Let x be the weight of required girl.
Sum of the weight of three girls :
= (20⅕ + 44½ + 30⅓)
= 101/5 + 89/2 + 91/3
Here L.C.M is 5 ⋅ 2 ⋅ 3 = 30.
= (101/5) ⋅ (6/6) + (89/2) ⋅ (15/15) + (91/3) ⋅ (10/10)

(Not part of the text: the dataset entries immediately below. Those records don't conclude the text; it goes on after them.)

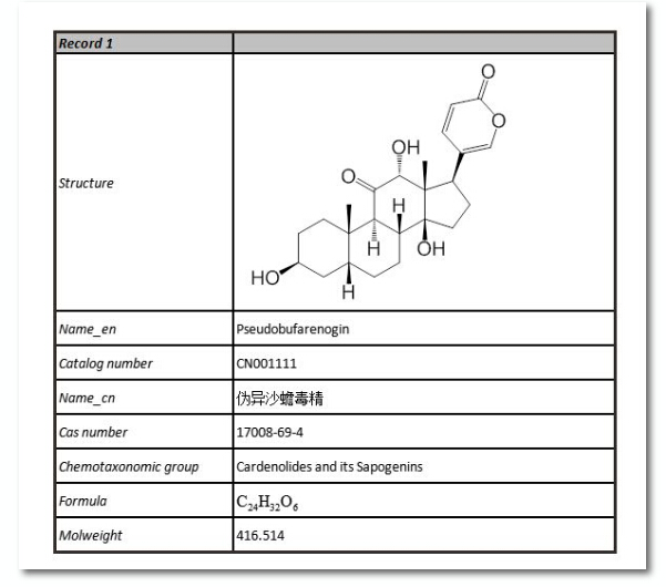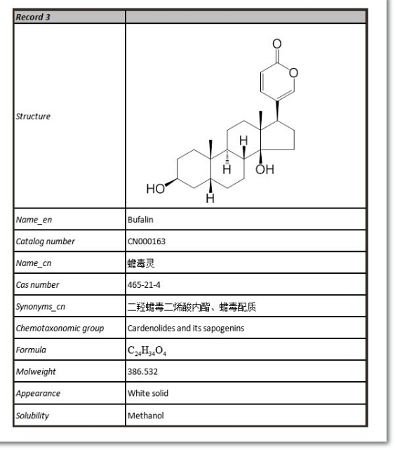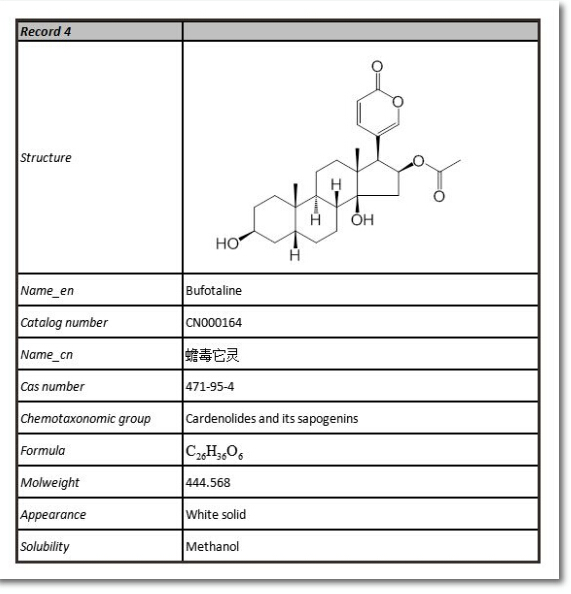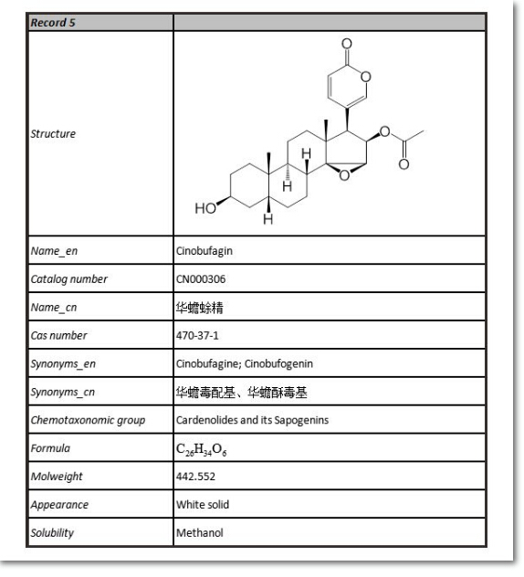 普思生物是一家專業(yè)從事天然藥物分離純化并提供藥物技術(shù)研究服務(wù)的國家高新技術(shù)企業(yè)。目前我司共有20多種蟾酥系列活性成分——酯蟾毒配基、蟾毒靈、蟾毒它靈、遠(yuǎn)華蟾蜍精、沙蟾毒精、日蟾蜍他靈、華蟾毒它靈、偽異沙蟾毒精、華蟾蜍精、去乙酰華蟾毒精、去乙酰華蟾毒它靈、南美蟾毒精、蟾蜍色胺、蟾蜍它里定、嚏根草醇、19-羥基蟾毒靈、華蟾毒精醇、酯蟾毒精、異沙蟾毒精、19-氧代華蟾毒它靈、19-氧代華蟾毒精等,部分產(chǎn)品信息如下: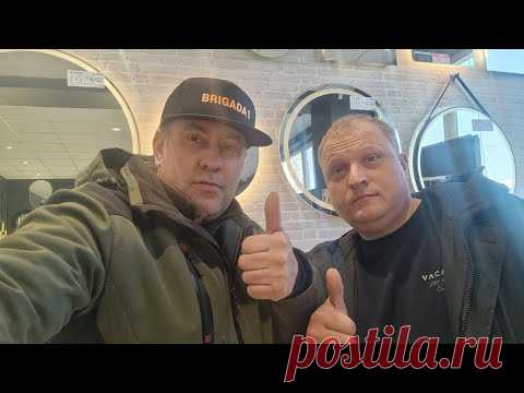 На фотографии изображены два мужчины, которые находятся в помещении с ярким освещением. Один из них одет в темную куртку и бейсболку с надписью "BRIGADA", а другой в темную толстовку с еле читаемой надписью. Они оба показывают жест "лайк" большими пальцами вверх. Фон составляют зеркала круглой формы, подвешенные на светлой кирпичной стене, которые создают атмосферу современного интерьерного дизайна. Оба мужчины смотрят в камеру с уверенным и спокойным выражением лиц, что говорит о позитивном настроении. Освещение достаточно яркое, что придаёт изображению чёткость и контрастность, подчеркивая выражения лиц и детали одежды. Сцена явно происходила в дневное время, возможно, в одном из современных магазинов или шоурумов, где представлены различные элементы декора. Мастерство применения светлых оттенков в интерьере, в сочетании с современными аксессуарами, создаёт интересный визуальный эффект.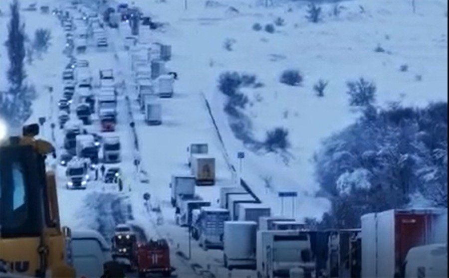Застрявшие на М-4 «Дон» водители жалуются на то, что у них заканчиваются бензин и еда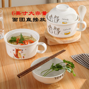 ezicok汤碗陶瓷带盖大碗汤面碗家用双耳碗蒸蛋碗...

= 606/30 + 1335/30 + 910/30
= (606 + 1335 + 910)/30
= 2851/30
Weight of required girl :
= 155¼ - 2851/30
= 621/4 - 2851/30
L.C.M = 60.
= (621/4) ⋅ (15/15) - (2851/30)
= (9315 - 2851)/30
= 6464/30
= 3232/15
= 215⁷⁄₁₅ kg
Problem 3 :
In three packets there were $13⅔, $25⅓ and $30⅙. The total amount in all the four packets is $95. What is the amount in the fourth packet?
Solution :
Sum of amount in three packets :
= 13⅔ + 25⅓ + 30⅙
= 41/3 + 76/3 + 181/6
= 82/6 + 152/6 + 181/6
= (82 + 152 + 181)/6
= 415/6
Remaining amount of fourth packet :
= 95 - 415/6
= (570 - 415)/6
= 155/6
= $25⅚
Problem 4 :
Maria worked 5½ hours on Tuesday and 6¼ hours on Wednesday. John worked 2½ on Tuesday and 5¼ hours on Wednesday. How many fewer hours did John work?
Solution :
Time taken by Maria :
= 5½ + 6¼
= 11/2 + 25/4
= 22/4 + 25/4
= (22 + 25)/4
= 47/4
Time taken by John :
= 2½ + 5¼
= 5/2 + 21/4
= 10/4 + 21/4
= (10 + 21)/4
= 31/4
Difference of time taken between Maria and John
= 47/4 - 31/4
= (47 - 31)/4
= 16/4
= 4 hours
Maria had worked 4 hours fewer than John.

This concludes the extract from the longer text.